Legislation allowing the sale of fresh baked goods from home kitchens advances
New Jersey is the only state that prohibits the sale of fresh baked goods made in private kitchens, but Senator Kip Bateman has been working to change that for more than 10 years.
Senator Bateman has been fighting for home bakers for more than 10 years, and today the Senate Health Committee passed his legislation that would allow the sale of baked goods made in home kitchens. (Pixabay)
Bateman’s legislation that would bring the state more in line with the rest of the country advanced today when the Senate Health, Human Services and Senior Citizens Committee passed S-73.

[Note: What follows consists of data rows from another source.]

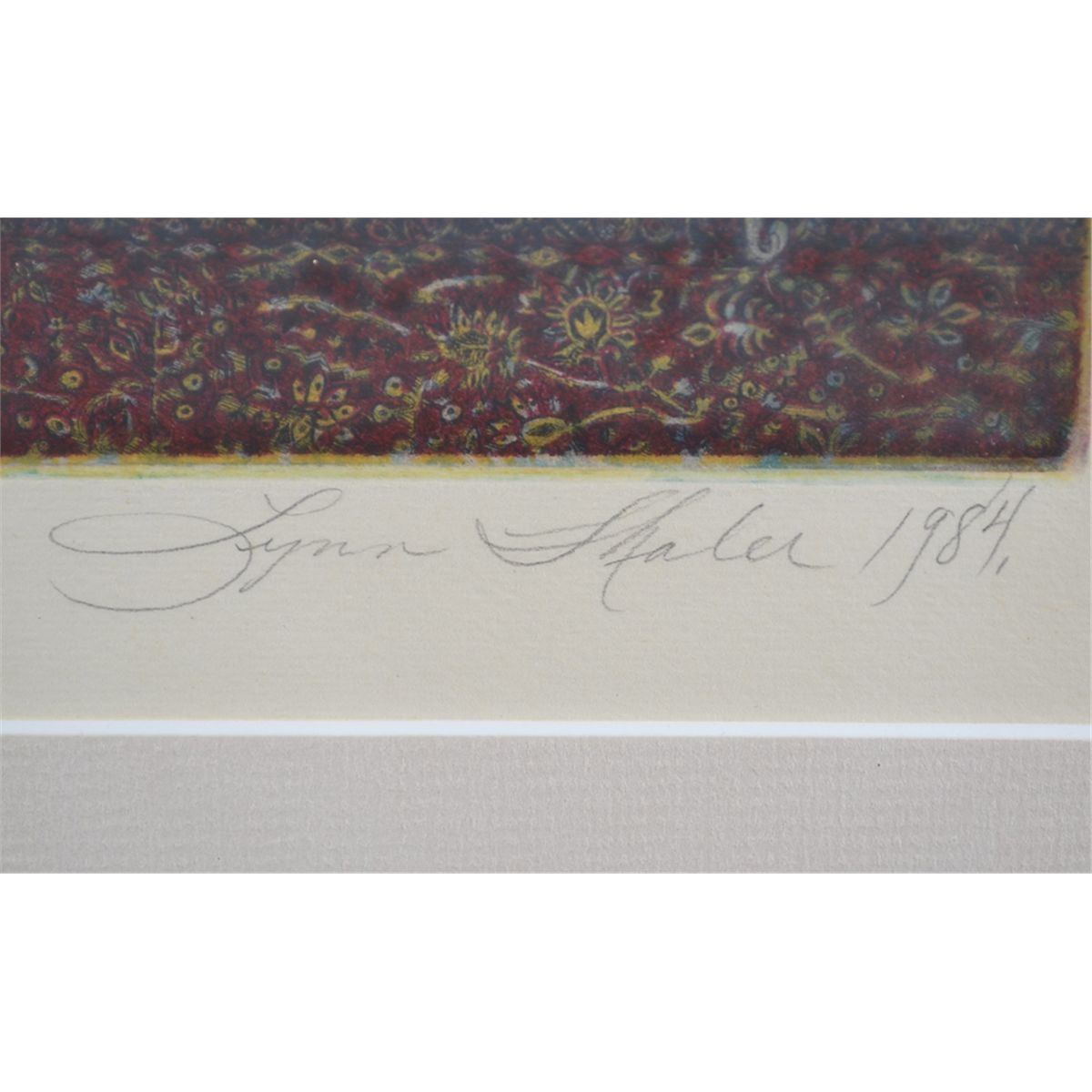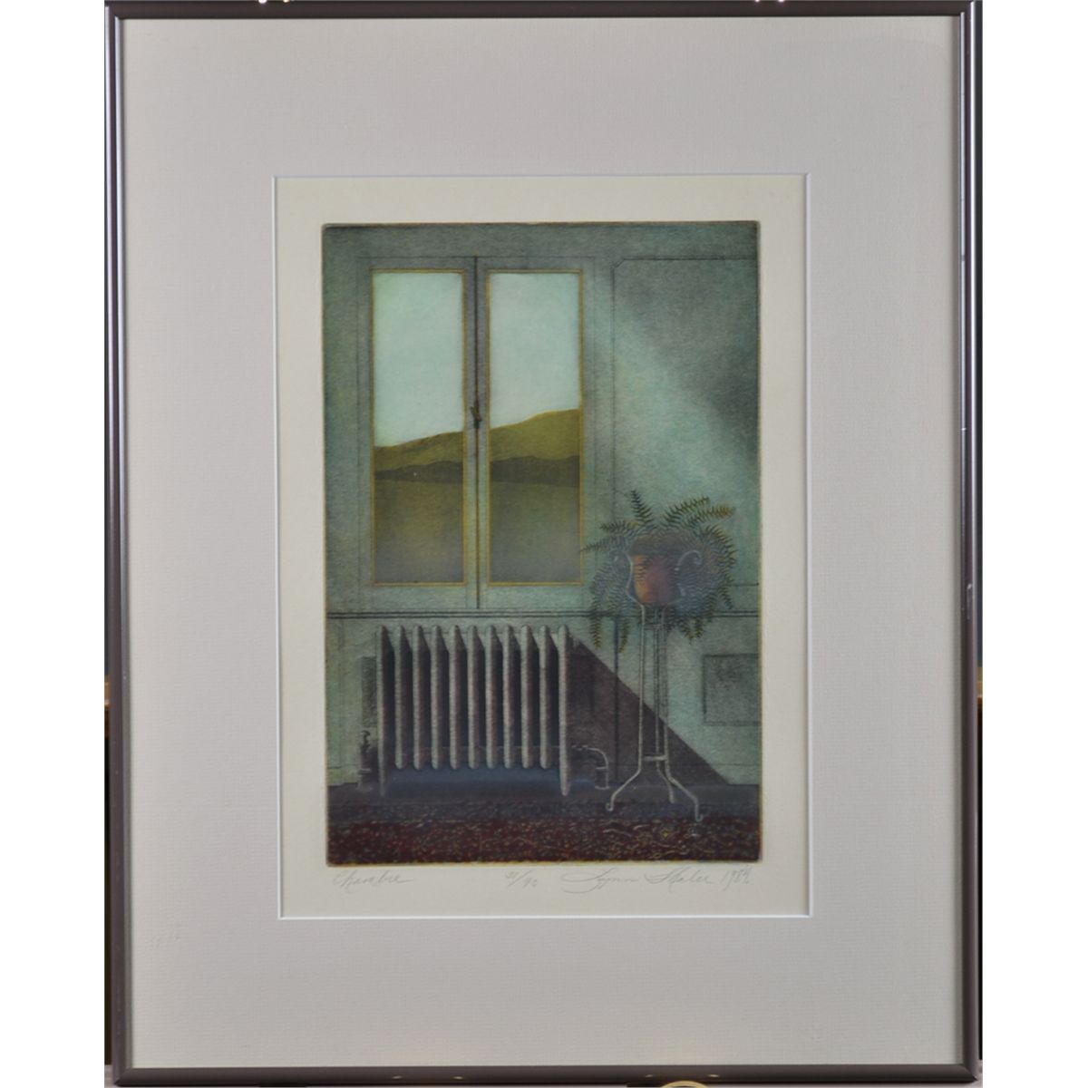 Titled, "Chambre," depicting a window with heater below and a fern plant on a stand. Signed in pencil in LR and dated 1984, titled in pencil in LL and edition 31/90 in LC. Lynn Shaler (1955-), US, is known for her color acquaint etchings. Matted and framed behind glass, 13.75" H x 9.25" W, sight, 23.25" H x 18.75" W, framed. Private collection St. Clair Shores, MI.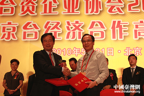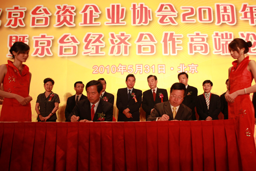 中國(guó)臺(tái)灣網(wǎng)5月31日北京消息 北京臺(tái)資企業(yè)協(xié)會(huì)成立二十周年慶典活動(dòng)暨京臺(tái)經(jīng)濟(jì)合作高端論壇31日在京舉行,北京臺(tái)協(xié)與臺(tái)灣省農(nóng)會(huì)、“中國(guó)生產(chǎn)力中心”、金屬研究中心、臺(tái)北企業(yè)經(jīng)理人協(xié)進(jìn)會(huì)和海峽救助協(xié)會(huì)等島內(nèi)團(tuán)體簽署了長(zhǎng)期合作協(xié)議。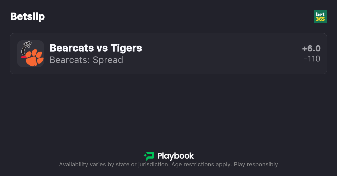 - Cincinnati vs Clemson moneyline: Cincinnati +190, Clemson -230

“We still have a long way to go, but today’s committee vote is good news to hundreds of home bakers across the state who share the goal of turning their hobby into a sideline business,” said Bateman (R-16). “I am hopeful the Senate will see the benefits of making New Jersey more hospitable to home-based bakers who may grow over time and employ workers in commercial kitchens. This is the first step toward realizing the American dream for many state residents.”
The bipartisan bill would establish requirements to allow the direct sale of homemade breads, cakes, cookies and other goods. “Baked goods” as defined by the legislation are ready-to-eat baked items prepared in a private kitchen that do not require further cooking or refrigeration for food safety.
Under the bill, the health commissioner would produce a list of agencies to issue food service handler certification for bakers.
“Bakers in their own kitchens can prepare sweet treats for sale at fund-raisers, and there’s no reason they can’t bake the same foods to sell locally to make some extra money to help pay for their New Jersey taxes,” said Bateman. “The priority is food safety, and that is addressed in this bill. Every precaution is taken to ensure the health and safety of the general public.”
S-73 is also sponsored by Senate Republican Leader Tom Kean and Republican Senators Mike Doherty and Gerry Cardinale.
Bateman first introduced similar legislation in 2009 and he has been a tireless advocate for home bakers.